林一正在翰林院整理卷宗,忽聞內侍傳召,說是皇上在禦書房見他。他心裏略感詫異,還是斂了斂衣襟,快步往禦書房去了。

“臣林一,參見陛下。”

“林愛卿平身。”皇上放下朱筆,看著他笑道,“你在翰林院這些時日,辦事勤勉,條理清晰,朕都看在眼裏。如今翰林院掌院一職空缺,朕思量著,你倒是合適的人選。”

林一怔了怔,連忙躬身:“陛下謬讚,臣資歷尚淺,恐難當此任。”

“資歷是靠歷練出來的。”皇上擺了擺手,語氣帶著不容置疑的決斷,“朕意已決,即日起,你便是翰林院掌院了。好好幹,別讓朕失望。”

“臣,謝陛下隆恩!定當竭盡所能,不負聖望!”林一叩首謝恩,起身時,心裏還有些發飄——這升遷的速度,連他自己都沒料到。

消息很快傳遍朝野,翰林院上下前來道賀,林一應酬了半日,才得以脫身。剛出翰林院,就見岳父蘇侍郎候在門口,臉上堆著熱絡的笑。

“賢婿!恭喜恭喜啊!”蘇侍郎快步上前,拉著他的手,滿眼的欣慰與得意,“真是年輕有為,這麽快就成了掌院,為父都替你高興!”

林一客氣地應著:“岳父過獎了,都是陛下擡愛。”

“哪裏是過獎,”蘇侍郎笑得合不攏嘴,一路跟他往外走,“你本就是尚書府獨子,底子厚,如今又自己爭氣,這才是錦上添花!說起來,青青嫁過來還不到一年,你就連升幾級,莫非……”

他湊近了些,壓低聲音,眼裏帶著幾分探究和欣喜:“莫非我這女兒,是個旺夫的?”

林一聽著這話,心裏微微一動,面上卻不動聲色地笑了笑:“岳父說笑了,都是臣自己的運氣。”

蘇侍郎卻不這麽認為,越想越覺得是這麽回事,嘴裏不住地念叨著“好,好,真是家門有幸”,又熱情地邀他回府吃飯,被林一以“剛升官,府裏該知會一聲”為由婉拒了。

送走蘇侍郎,林一坐上馬車,心裏卻在回味那句“旺夫相”。他看向窗外掠過的街景,忽然覺得有些諷刺——他們只看到他步步高升,卻不知這背後,有多少是他自己的努力,又有多少,是這具身體原主帶來的便利,甚至……是那些纏繞不清的關系帶來的隱性助力。

至於蘇青青的“旺夫”,或許不過是恰逢其會罷了。

只是這話,他沒法說,也不能說。

馬車駛進林府,剛到門口,就見蘇青青和南枝都候在那裏,臉上滿是喜色。想來,府裏已經收到消息了。

林一看著她們,壓下心頭的覆雜,露出一個溫和的笑。

升了官,日子總要接著過。

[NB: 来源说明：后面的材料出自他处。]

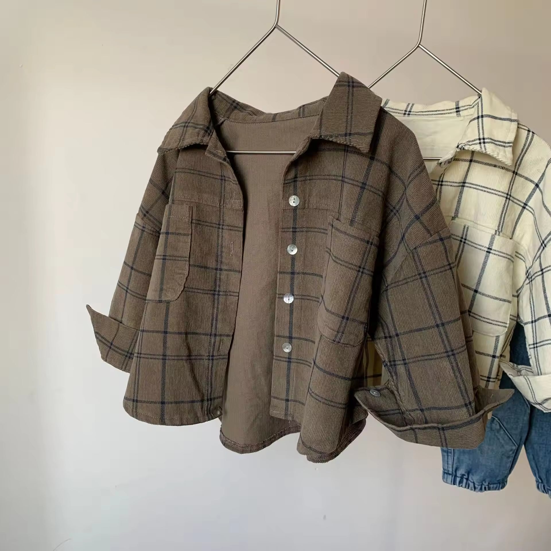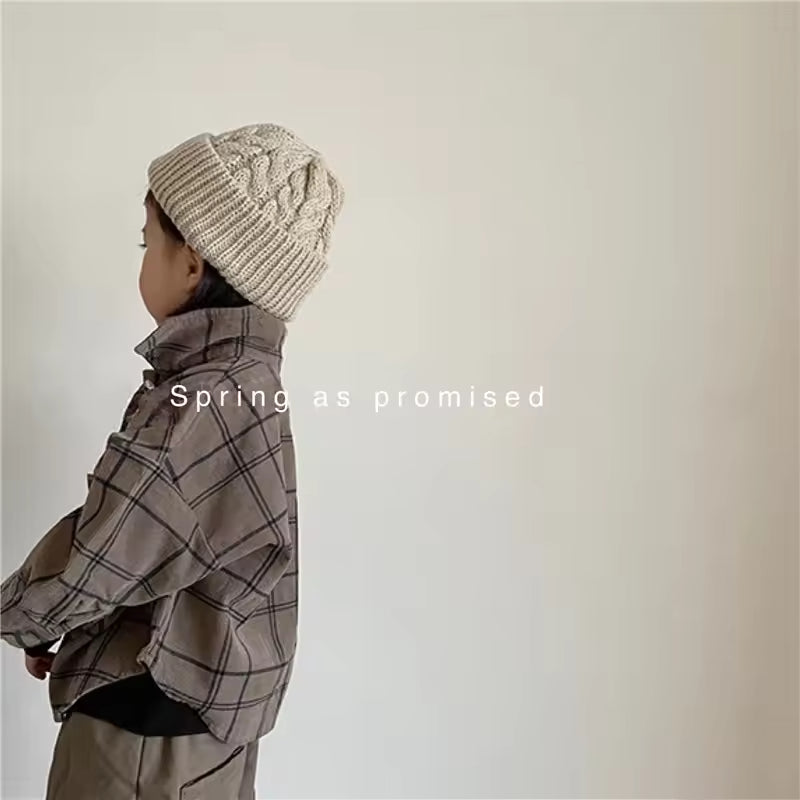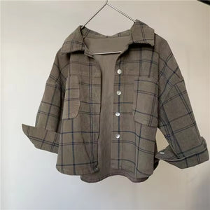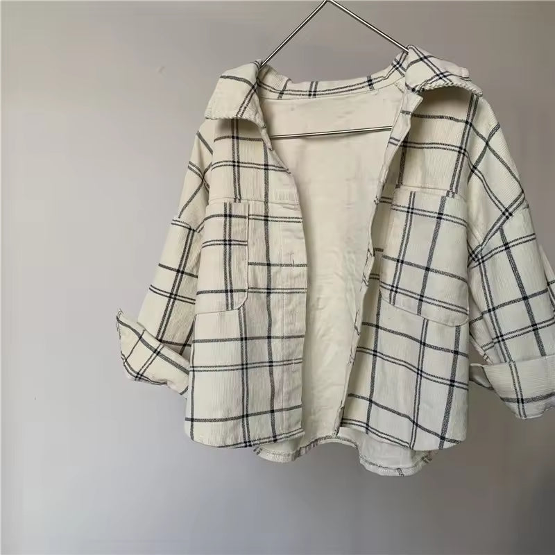 2025 Autumn New Collection Long-sleeved Corduroy Checked Shirts for Boys and Girls Children's Retro Style Casual Tops

只是肩上的擔子重了,往後要應付的人和事,怕是會更多了。

蘇父回到侍郎府,一進門就揚著聲喊:“夫人,夫人!”

蘇母正坐在窗邊做針線活,見他滿面紅光地進來,笑著迎上去:“這是遇上什麽喜事了,瞧你樂的。”

“大喜事!”蘇父一把攥住她的手,聲音裏帶著抑制不住的興奮,“林一升了,成了翰林院掌院!皇上親自下的旨!”

蘇母眼睛一亮,手裏的針線都差點掉了:“真的?那孩子才多大年紀,就成了掌院?”她素來知道女婿有才幹,卻沒料到升遷得這麽快,一時間笑得合不攏嘴,“真是有出息!咱們青青沒看錯人!”

蘇父見她高興,平日裏對她淡淡的臉色也緩和了不少,甚至主動替她理了理鬢發:“可不是嘛。說起來,青青嫁過去還不到一年,他就連升幾級,說不定真是咱們女兒有旺夫相。”

蘇母連連點頭,眼裏滿是欣慰:“咱們青青就是個有福氣的,從前在府裏受了不少委屈,如今總算熬出頭了。”

蘇父哼了一聲,語氣卻沒了往日的刻薄:“誰能想到,當初那個不起眼的庶女,竟有這樣的造化。”他想起自己那個嫡女蘇寧,心裏掠過一絲惋惜——若是蘇寧還在,憑著林家的家世和林一如今的勢頭,蘇家定會更風光。

可轉念一想,現在說這些也沒用了。庶女也好,嫡女也罷,只要能給蘇家帶來好處,能讓他這個禮部侍郎跟著沾光,就足夠了。

“往後對青青好些,”蘇父叮囑道,“多派人去林府走動走動,送些她愛吃的,別讓她覺得娘家沒人疼。”他這話看似關心女兒,眼底卻藏著幾分算計——林一前途不可限量,把這層關系維系好,對他的仕途大有裨益。

蘇母哪裏聽不出他話裏的意思,卻也沒點破,笑著應道:“我省得,這就去吩咐廚房,做點青青愛吃的芙蓉糕,下午讓人送去。”

蘇父滿意地點點頭,轉身去書房琢磨著該給林一備份什麽樣的賀禮才體面。陽光透過窗欞照進屋裏,映得滿室明亮,卻照不透這對父母心底那點摻雜著利益的“關切”。

他們只看到了女婿的前程,卻沒細想,這份風光背後,蘇青青到底過得好不好。

蘇父坐在書房裏,指尖敲著桌案,心裏打著算盤。

想當初,他一心想讓女兒們攀附皇親國戚或是頂級貴族,覺得只有那樣才能為蘇家帶來最大的利益。那時的林一,雖說是尚書府獨子,在他眼裏卻算不得最優選擇——尚書府雖有聲望,可比起真正的權貴,總還差著些火候。

蘇青青當年拋繡球砸中林一,他心裏其實是不大情願的。一個庶女,本就該用來聯姻換取實際好處,嫁入尚書府,在他看來多少有些“屈就”。若不是事已至此,他未必會點頭。

可如今再看,只覺得這步棋歪打正著。林一年紀輕輕就成了翰林院掌院,皇上又明顯看重,往後的前程簡直不可限量。這等勢頭,可比那些空有頭銜的皇親國戚實在多了。

“哼,倒真是撿著寶了。”蘇父低聲自語,嘴角勾起一抹算計的笑。

管他是不是皇親國戚,管他是不是頂級貴族,能帶來實實在在的利益才最要緊。林一如今的位置,能為他在朝堂上提供多少便利?將來若能更進一步,蘇家跟著水漲船高,那好處更是難以估量。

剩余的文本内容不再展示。